I have to use a Decision Tree for binary classification on a unbalanced dataset(50000:0, 1000:1). To have a good Recall (0.92) I used RandomOversampling function found in module Imblearn and pruning with max_depth parameter. The problem is that the Precision is very low (0.44), I have too many false positives.
I tried to train a specific classifier to deal with borderline instances that generate false positives. First I splitted dataset in train and test sets(80%-20%). Then I splitted train in train2 and test2 sets (66%,33%). I used a dtc(#1) to predict test2 and i took only the instances predicted as true. Then I trained a dtc(#2) on all these datas with the goal of build a classifier able to distinguish borderline cases. I used the dtc(#3) trained on first oversampled train set to predict official test set and got Recall=0.92 and Precision=0.44. Finally I used dtc(#2) only on datas predicted as true by dtc(#3) with hope to distinguish TP from FP but it doesn't work too good. I got Rec=0.79 and Prec=0.69.

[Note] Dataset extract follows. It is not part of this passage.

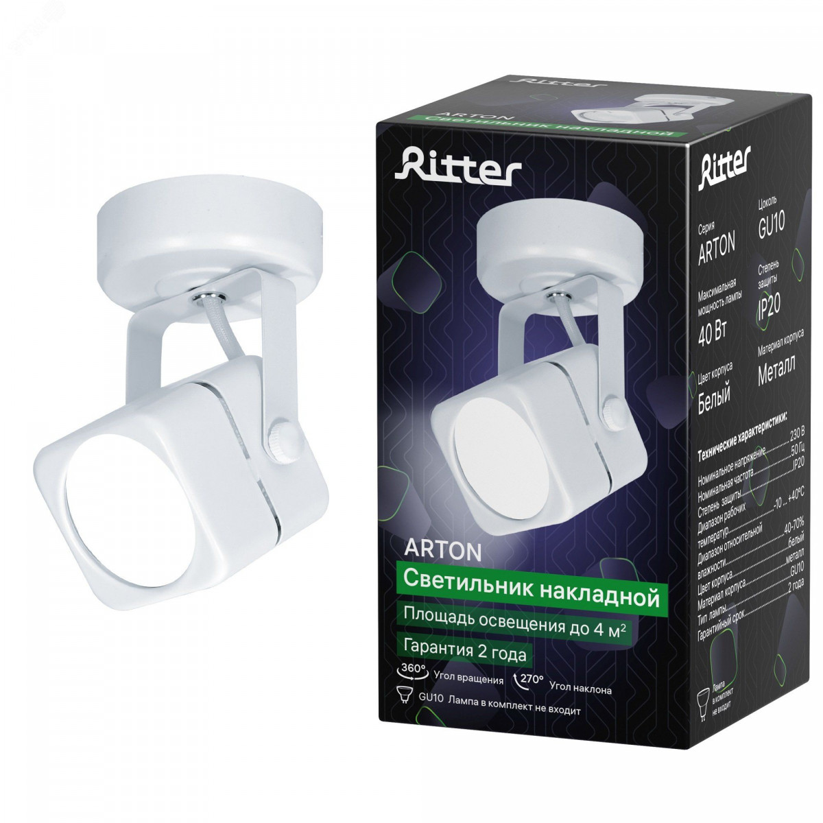 Светильник накладной, ARTON, поворотный, квадрат, 60x60x60мм, GU10, металл, белый, 59960 9, Ritter
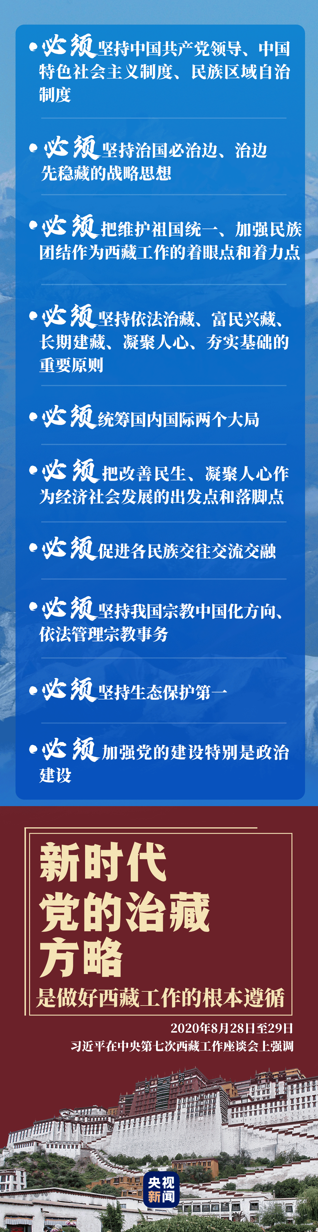 “面对新形势新任务,必须全面贯彻新时代党的治藏方略。”8月28日至29日,中央第七次西藏工作座谈会在北京召开。习近平总书记深入分析了当前西藏工作面临的形势,全面阐释了新时代党的治藏方略。

x_train, X_test, y_train, Y_test =train_test_split(df2.drop('k',axis=1), df2['k'], test_size=test_size, random_state=0.2)
x_res, y_res=ros.fit_resample(x_train,y_train)
df_to_trick=df2.iloc[x_train.index.tolist(),:]
#....split in 0.33-0.66, trained and tested
confusion_matrix(y_test,predicted1) #dtc1
array([[13282, 266],
[ 18, 289]])
#training #dtc2 only on (266+289) datas
confusion_matrix(Y_test,predicted3) #dtc3 on official test set
array([[9950, 294],
[ 20, 232]])
confusion_matrix(true,predicted4)#here i used dtc2 on (294+232) datas
array([[204, 90],
[ 34, 198]])
I have to choose between dtc3 (Recall=0.92, Prec=0.44) or the entire cervellotic process with (Recall=0.79, Prec=0.69). Do you have any ideas to improve these metrics? My goal is about (0.8/0.9).